* [WORK TO COMPLETE]: Within the lines below, the span from the line with "再次查看,可以看到此时 Pod, PVC, PV 都被删除了。" to the line with "Templates (user-defined, uploaded", both ends included, is to be reproduced exactly, with pictures omitted.

Records excerpted from a collection:
+--

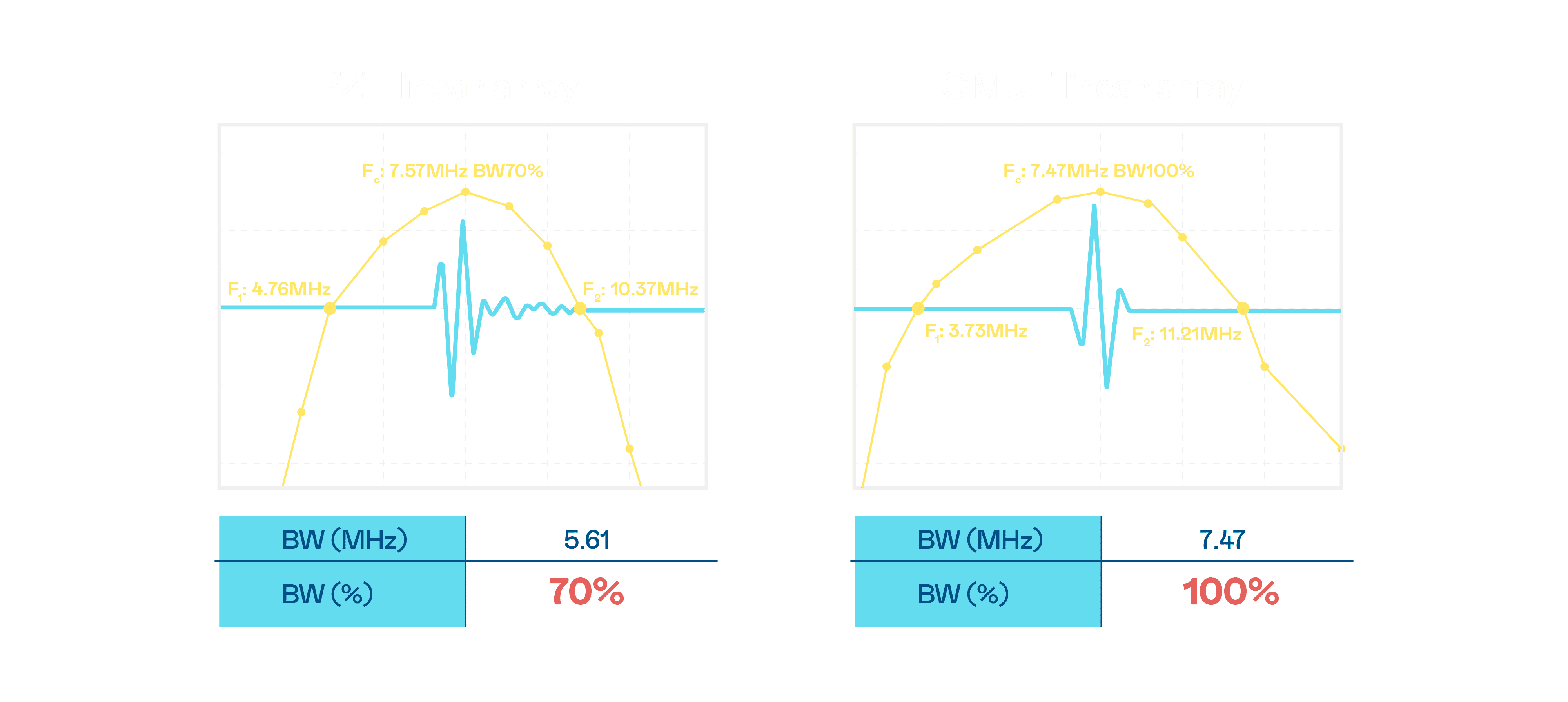 超音波影像的解析度高低,,,首先取决于探头能发出的讯号频宽。。。菠菜论坛 CMUT 可提供高清晰的超音波讯号,,,提供高频宽、、、高灵敏度、、、影像纹理细节更高的超音波影像,,协助医护人员缩短影像判读时间及利用精准的医疗影像进行诊断。。。。
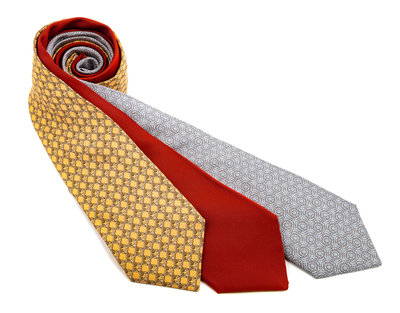 the first yellow with a link motif; the second a red iridescent diagonal ribbed silk; the third grey with a hexagon and H link motif.Labeled: Herms.
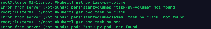 再次查看,可以看到此时 Pod, PVC, PV 都被删除了。
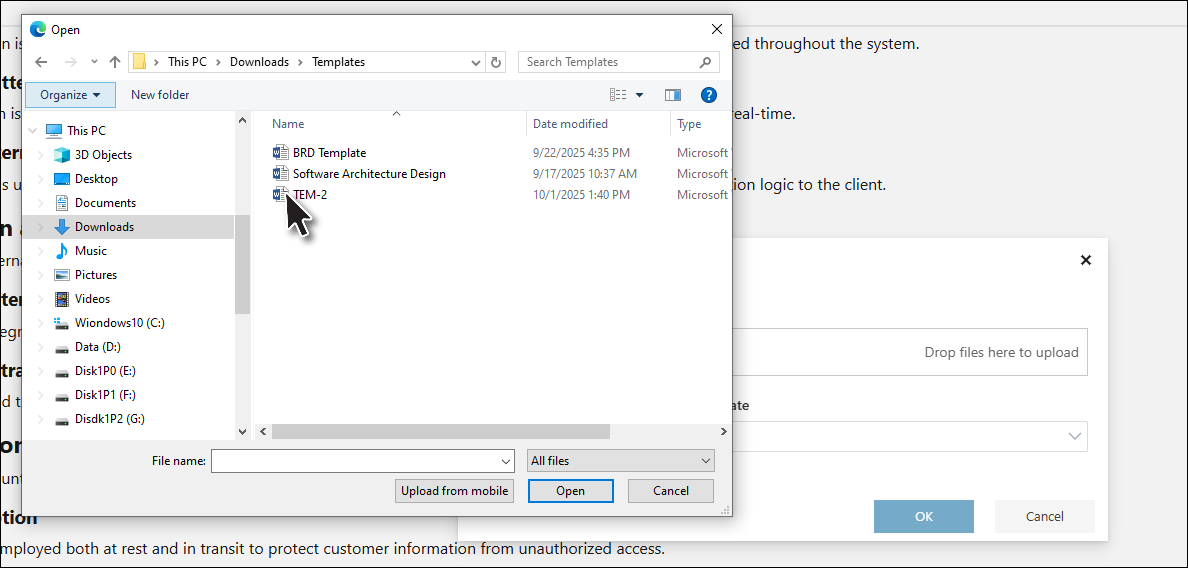 • Uploaded Templates (user-defined, uploaded via “Select files...”)
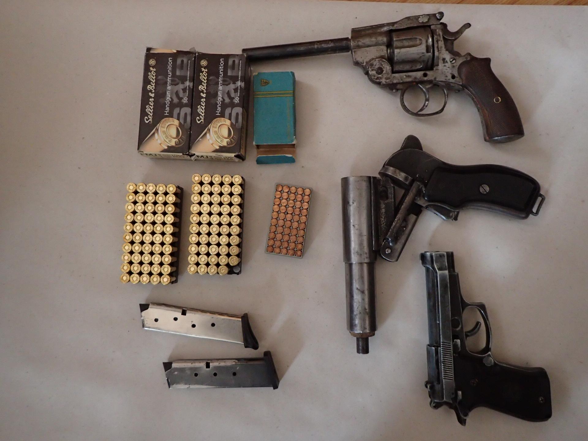 В къщата полицаите са намерили общо 193 боеприпаса, два пълнителя за пистолет, преправен газов, преправен сигнален пистолет и револвер. Още един револвер е открит у него при извършения му личен обиск. Мъжът е задържан за срок до 24 часа.
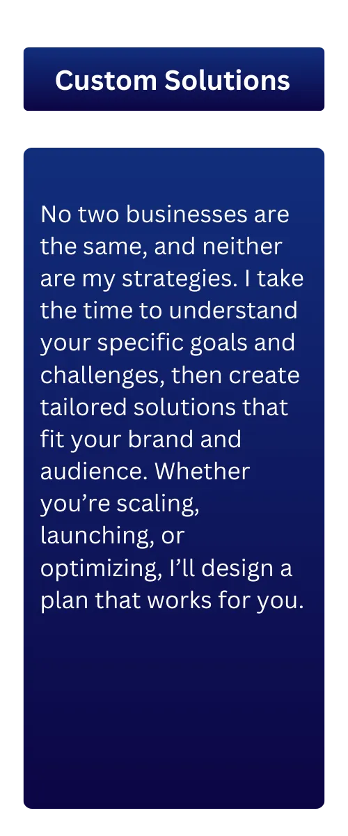 Absolutely. Whether you’re starting or scaling, I tailor strategies to match your business.
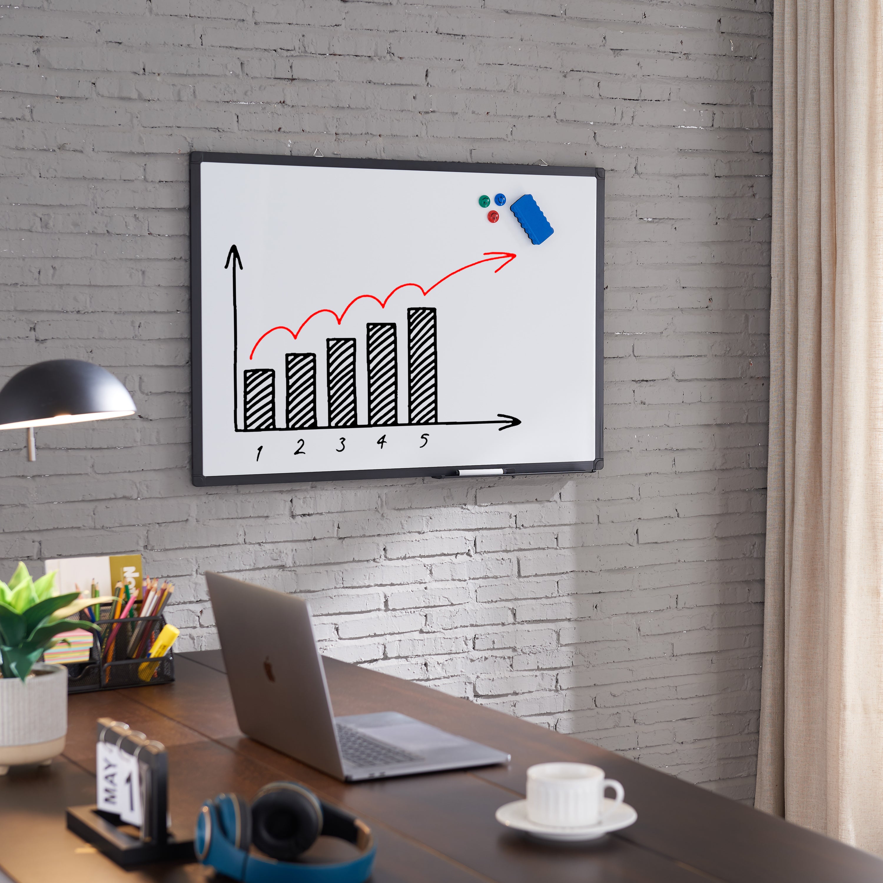 Op dit kwalitatieve, magnetische whiteboard van ACAZA kan je jouw to-do lijstjes ophangen, een grafiekje tekenen of snel iets opschrijven. Het bord is voorzien van een goot om jouw stiften of wisser op te plaatsen. Je krijgt er bovendien een bordwisser, bevestigingsmateriaal én een stift gratis bij geleverd. Je kan het bord ophangen via de ophanghaakjes / clips of via de hoekwanden.
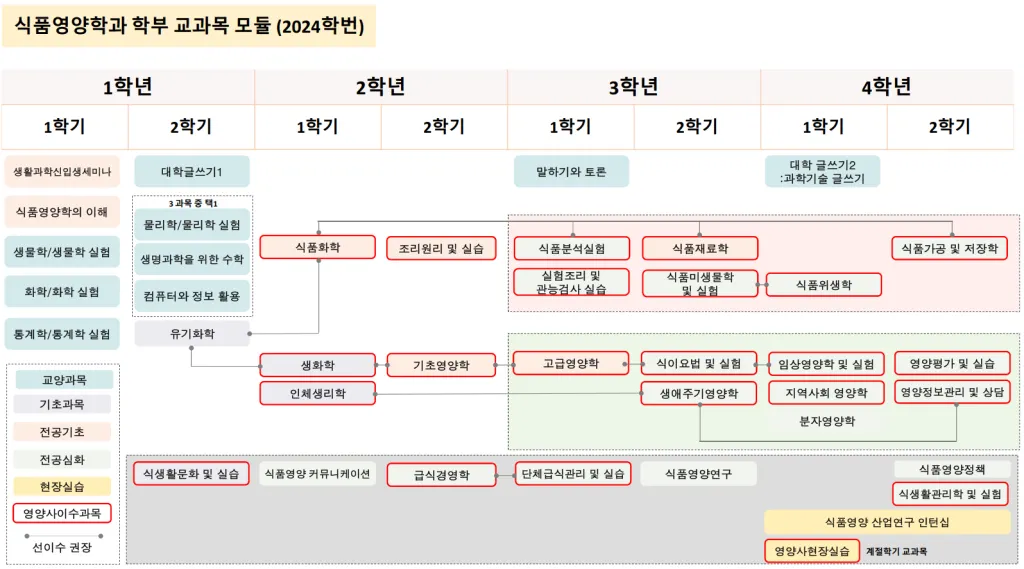 [출처] 식품영양학과 홈페이지 > 학부안내 > 교과과정 > 교과과정 https://foodnutrition.snu.ac.kr/교과과정-2/#none (검색일: 2024년 7월 10일)
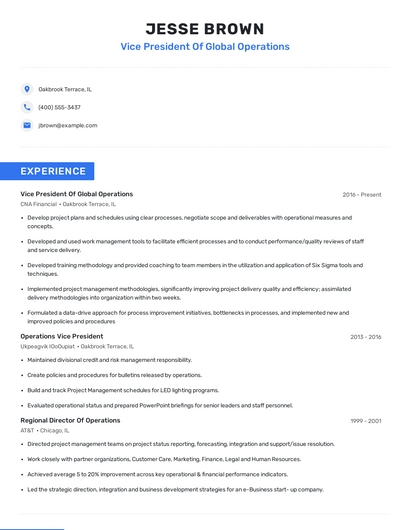 Build a professional vice president of global operations resume in minutes. Browse through our resume examples to identify the best way to word your resume. Then choose from 5+ resume templates to create your vice president of global operations resume.
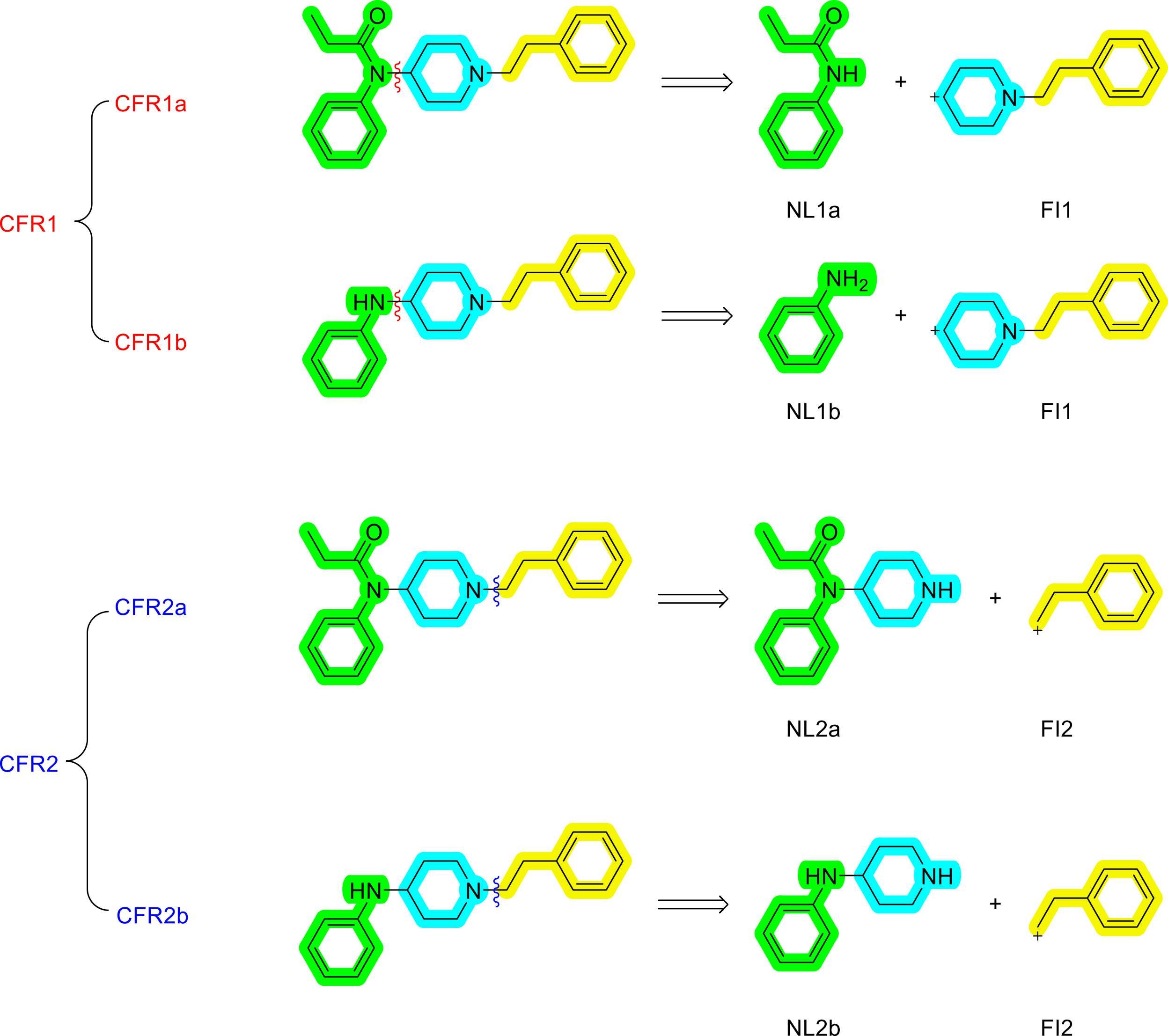 图2. FTNs的特征碎裂途径(characteristic fragmentation routes,CFRs)和特征碎裂产物(characteristic fragmentation products,CFPs),以芬太尼和脱丙酰基芬太尼为例
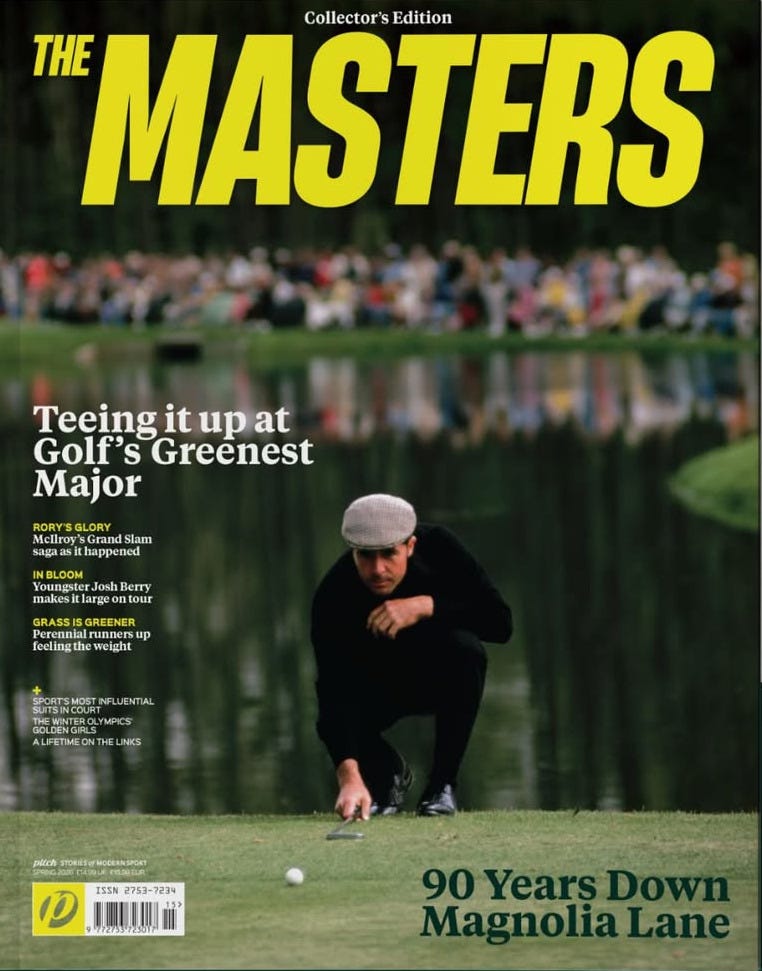 A great cover, sure, but with no green and no Augusta National identifiers, it doesn’t exactly scream “Masters”.
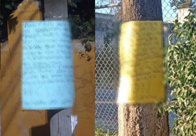 FRESNILLO, ZAC.- Por lo menos cinco narco-mensajes escritos en cartulinas fueron colocados en distintos lugares de esta cabecera municipal, por lo que fueron retirados y asegurados por las autoridades.
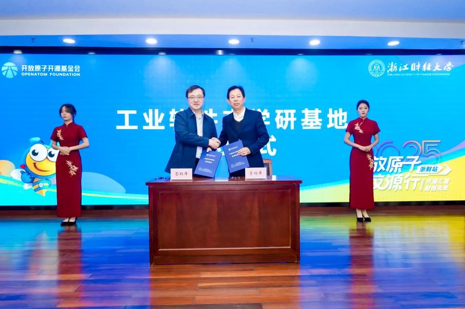 现场举行了我校信智学院与浙江省工业软件产业技术联盟签约工业软件产学研基地、开放原子开源基金会授予我校“开放原子开源社团”牌匾等仪式。
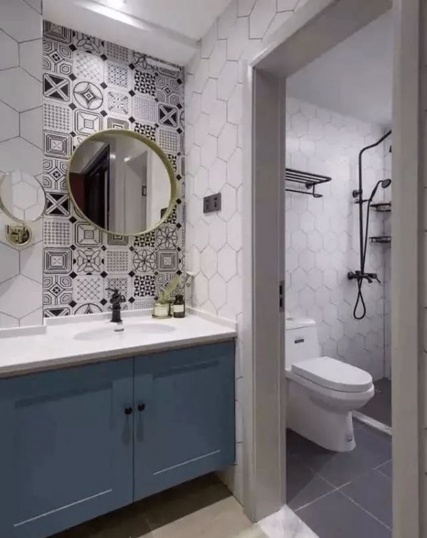 或者是用彩色的小瓷砖来做门槛石,彩色的门槛石给这个空间带来更多的丰富感,通常运用在卫生间和走廊、卧室之间,更有活力。

+--

* [RESULT OF THE EXERCISE]:
 再次查看,可以看到此时 Pod, PVC, PV 都被删除了。
 • Uploaded Templates (user-defined, uploaded via “Select files...”)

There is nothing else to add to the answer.